Ex2SM: A text mining method to detect repeated strings in biological sequences

For several years, researchers have been trying to use computational methods for exact string matching, which entails identifying repeating patterns in long strings of text or digits. This is because tools that can automatically identify these repeating patterns could have numerous important applications in fields such as genetics and biology.

Konstantinos F. Xylogiannopoulos, an associate researcher at the University of Calgary, has recently developed a new text mining technique that can detect every possible repeated string in multivariate biological sequences. His work could help experts in their search for advanced treatments for serious diseases, including genetics-related ones, such as cancer or Alzheimer's.

"My research was inspired by a paper about pattern matching in DNA sequences," Xylogiannopoulos said. "Although I had general knowledge in biology, I had never considered the complexity of the problem from a computer science perspective, because of the size of a DNA sequence. Since then, I devoted myself to trying to simplify pattern detection for big data by optimizing my algorithm for detecting repeated patterns."

Shortly after he started researching string matching in DNA sequences, Xylogiannopoulos made an interesting observation. He found that many well-known computer science problems can be efficiently solved by transforming them into a repeated pattern detection problem, irrespective of their size or complexity.

"For example, a few months ago, Google announced the calculation of the first 31 Trillion digits of pi." Xylogiannopoulos said. "Yet, since 2016, I have detected the two longest repeated patterns that exist in the first 1 trillion digits of pi, something practically impossible with other algorithms. Thanks to Google pi-api it is very easy now to verify my findings."

In his recent study, Xylogiannopoulos developed a pipeline of execution of advanced data structures and algorithms that can be used for text mining. This technique, called Ex2SM, achieves string matching via a series of important steps.

"Firstly, the technique creates the longest expected repeated pattern reduced suffix array (LERP-RSA) for suffixes of a predefined length (LERP) using several attributes of the LERP-RSA, such as classification based on the DNA alphabet (A, C, G and T)," Xylogiannopoulos explained. "Then, the all repeated pattern detection (ARPaD) algorithm is executed to detect every pattern that exists at least twice. For patterns that are found to have a length of exactly LERP, the Moving LERP algorithm is executed to create a new LERP-RSA and execute ARPaD. The process is repeated, in parallel, until all patterns, regardless of length, have been discovered."

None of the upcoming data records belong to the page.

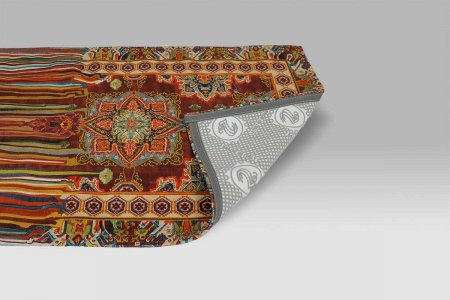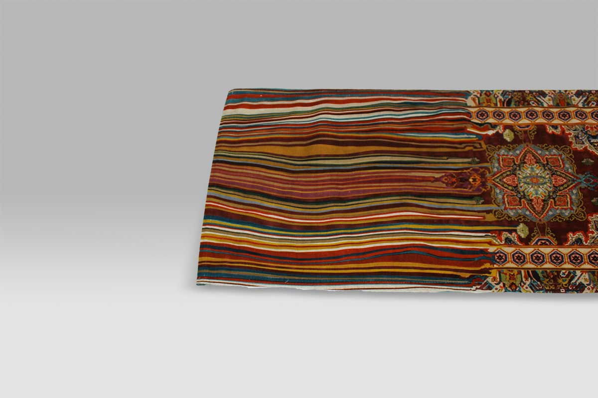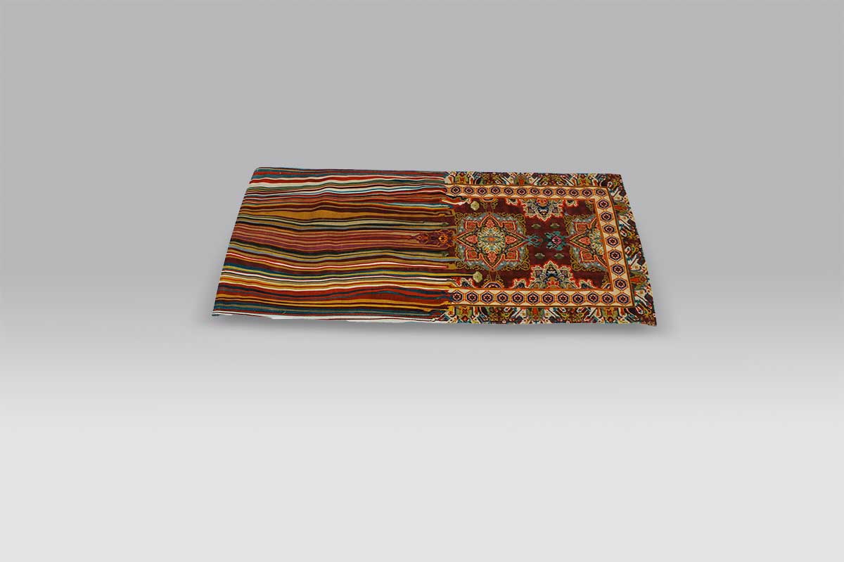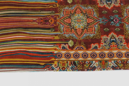 In questo articolo abbiamo un disegno effetto tappeto persiano che va sfumando con righe multicolore.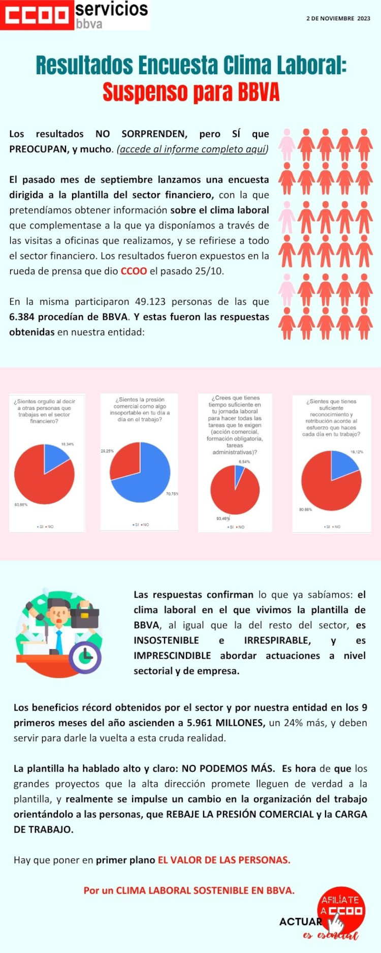 El pasado mes de septiembre lanzamos una encuesta dirigida a la plantilla del sector financiero sobre el clima laboral. Los resultados NO SORPRENDEN, pero SÍ que PREOCUPAN, y mucho.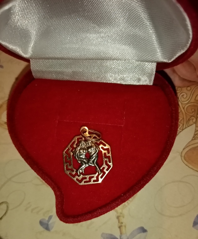 подвеска "близнецы", фото на телефон, плохо видно- ободок- желтое золото с фианитами, близнецы выпуклые из белого золота. Вес пока не знаю, меняю на иконку такого же формата. экв. 15 000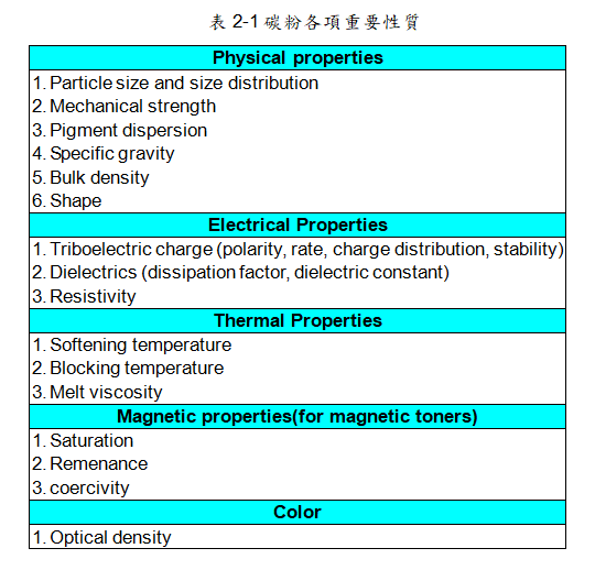 而碳粉研發必須與印表機性能各項條件相輔相成;由於碳粉的需求特性太過於繁雜,致使設計上會妥協某些性能,如最大光學密度等。 上述碳粉特性大致上可以分成物理特性、化學特性以及電性。而其性質不僅材料選取有關,而且與製造過程何儲存狀態皆有關。表2-1為碳粉各項重要性質列表。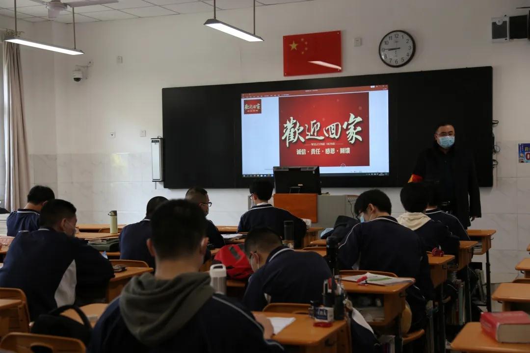 4月14日上午,“欢迎回家”这四个字早早地打在了每一个高三班级的屏幕上。此次返校,学校采取分批次的方式,按照班级的顺序,将1800余名学生分成七组,每组间隔半小时入校,保证了进校的速度和道路的通畅。上午11点,学生全部顺利返校。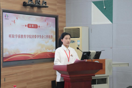 丘苏兰代表学前教育学院学生会作工作报告。报告从加强思想政治引领,打造特色品牌活动,搭建网络新媒体矩阵,深化组织体系改革,四个方面回顾了学前教育团委学生会过去的工作,并表示学前教育学院团委学生会将认真学习贯彻习近平新时代中国特色社会主义思想和党的二十大精神,积极开展各项工作,为学生的全面发展和校园文化建设做出更大奉献。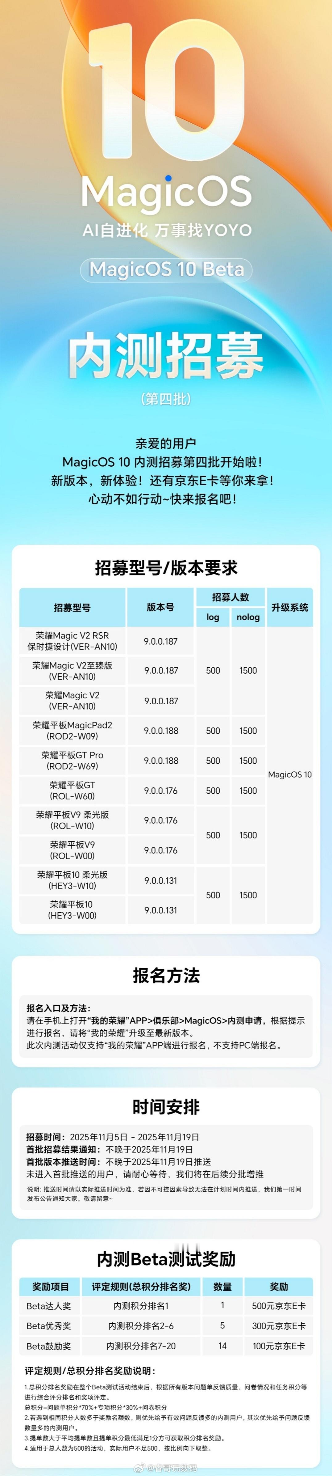 荣耀MagicOS10 内测招募第四批启动,本期招募荣耀Magic V2系列、荣耀平板MagicPad2、荣耀平板GT Pro、荣耀平板GT、荣耀平板V9系列、荣耀平板10系列,正在使用这些产品的朋友欢迎报名尝鲜体验!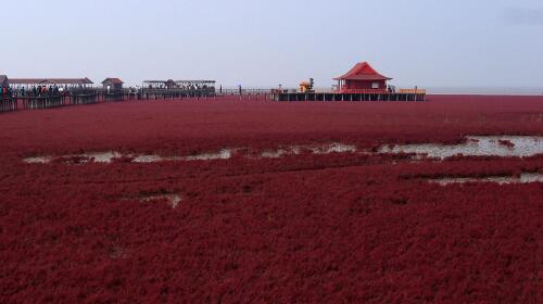辽河三角洲拥有世界面积*保存*完好的芦苇荡。*特别的是那举世罕见的红海滩,鲜艳的红色碱蓬草覆盖了整片河水,令人叹为观止。站在桥上,欣赏远处的景色,中央上假乌龟和假螃蟹的模型甚是可爱,海鸥和丹顶鹤仿佛是这里的熟客,时不时的停下来栖息觅食。柔美绚丽的三角洲*是个一家人出游踏青的好地方。查看目的地攻略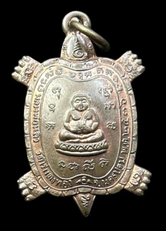 เหรียญพญาเต่าเรือน หลวงปู่หลิว วัดไร่แตงทอง นครปฐม ปี2536 รุ่นไตรมาสเล็ก เนื้อนวะ

The method developed by Xylogiannopoulos allows for classification and parallelization. Moreover, it can be executed on completely isolated and different hardware, software or cloud systems. In other words, Ex2SM works well irrespective of hardware limitations or dataset sizes. What truly differentiates it from other existing methods, however, is that it is input agnostic, i.e. it does not require input strings in order to search for them.

"Let's imagine that we have a book and each time we need to search for a word or phrase in a chapter we need to repeat the searching process using any pattern matching algorithm," Xylogiannopoulos said. "In this context, Ex2SM could be seen as a process that generates an 'index' of all repeated words, phrases etc. in the chapter by executing the process just once. This index allows us to achieve fast outputs for any kind of meta-analyses by executing complex and targeted queries directly on the results (usually a simple binary search), something that, to the best of my knowledge, no other methodology or algorithm has achieved so far."

Interestingly, Ex2SM can be applied to a variety of different tasks. For instance, it could be scaled up to analyze a simple system of chapters (e.g. a book), a complex multivariable system (e.g. a library or collection of books), and even a high-multidimensional system (e.g. a universal library or collection of libraries). When applied to the field of bioinformatics, on the other hand, the new technique could be used for string matching of chromosomes, human genomes, a collection of human genomes, and ultimately even genomes for all species within a universal database.

In his study, Xylogiannopoulos specifically wanted to highlight the potential Ex2SM for deep pattern detection and data mining within the field of bioinformatics. Remarkably, he successfully used his method to analyze the entire human genome and unveil repeating patterns. This allowed him to observe, for example, that there is a specific type of long repeated patterns that exists only in certain chromosomes.

"More complicated studies could also be performed using Ex2SM," Xylogiannopoulos said. "For example, we know that there is a connection between breast and prostate cancer, two entirely different organs, because of the BRCA1 and BRCA2 genes. What this method can disclose is a possible interconnectivity among different diseases because of common 'sections' in DNA, RNA, protein sequences etc. that could probably connect more diseases and their treatments."

Using Ex2SM, Xylogiannopoulos was able to detect all repeated strings in the human genome with a length of up to 50 characters. This would be virtually impossible to achieve using most existing algorithms and text mining techniques, due to the vast amount of possible permutations. For instance, to find all 50-character-long patterns, a brute force algorithm would need to process millions of trillions of permutations separately.

In the future, Ex2SM could help experts in bioinformatics and biology to broaden current understanding of genomics behavior and unveil important genetic links between diseases. Xylogiannopoulos is currently using his technique to analyze human genes and detect all patterns repeated in them. His studies have already produced a vast pool of results, which are so extensive that he is unable to share all of them with the public.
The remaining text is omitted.